Make a list of all of your relatives, and call the ones you actually care about. Brothers, sisters, special cousins, aunts and uncles. Keeping in touch with family is always time well spent.


9. Write Your Congressman and/or Senator

Our political representatives cannot represent us if they do not know what is important to us. Everyone has something they are passionate about that only politicians can influence. Want to know why your favorite author has never been on a US postage stamp? Ask your person in DC to look into it. Are you a big believer in universal healthcare? Make your position known.

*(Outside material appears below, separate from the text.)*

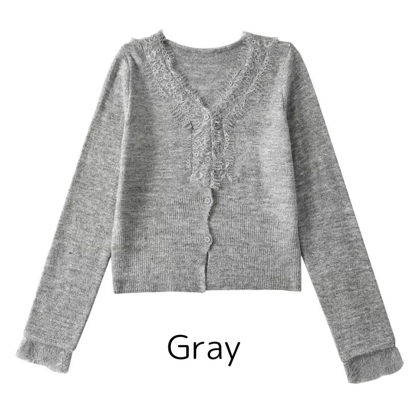 Vネックレース装飾カーディガン♢全6色 12201
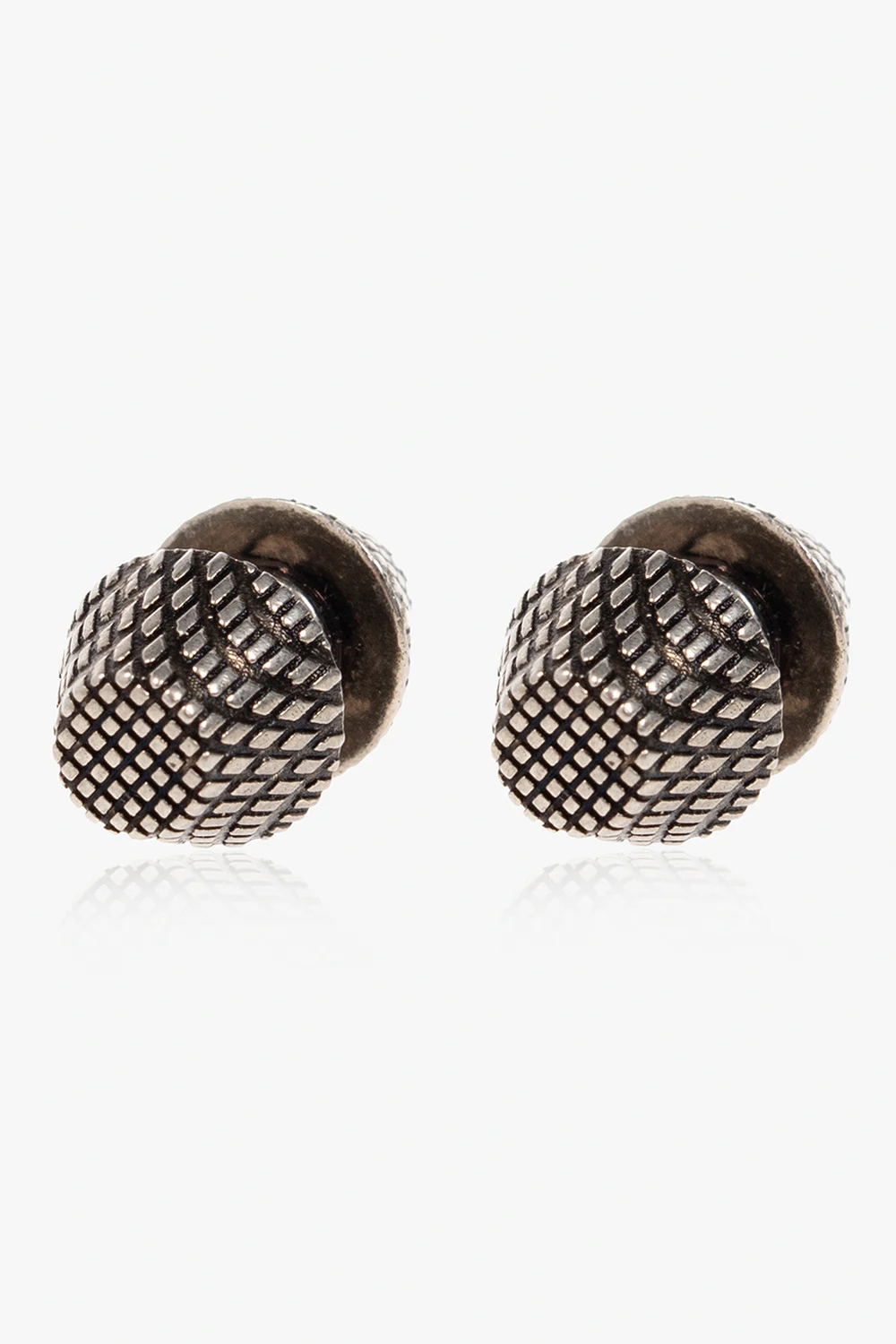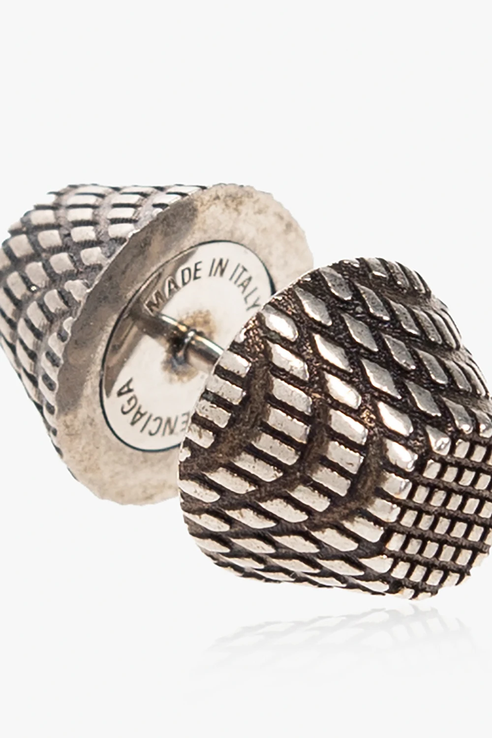 Antique silver-tone earrings from Balenciaga. Made of brass.

Believe it or not, nearly all of the letters sent to your congressman is read by someone, and if deemed valid brought to the attention of that representative. Whether they actually do anything about it is anyone's guess, but if you don't ask, they will certainly do nothing.

10. Make a Donation Box

Clean out your closets and basement and shed. I guarantee you there are things hanging in your closet that you have not worn in well over a year, and let's face it, you are never going to be a size 2 again. If it doesn't fit or has not been worn in over 12 months, donate it. The same goes for your old glasses (they can be reused), electronics, dishes, bedding, etc. There are some great organizations out there that fund what they do by operating thrift shops. Not only will you be keeping your unused items out of the landfill and making extra space in your home, but making these items available cheaply helps keep a lot of citizens on budget.

The Clock Starts Now

If you are going to be stuck in the house for any length of time, you might as well get something accomplished. Trust me, after it is all over your friends and co-workers will ask you what you did during your time off. You don't want your answer to be “gained 10 pounds.” The above list contains some productive suggestions, but after knocking them out, make your own list. Your dog is not the only one whose time on the planet is limited, you just get a little more. Do something with it.


Liz Westwood from UK on March 24, 2020:

Lock down has come in the UK so your tips make for interesting reading. I would also add widening the scope of calls to vulnerable friends.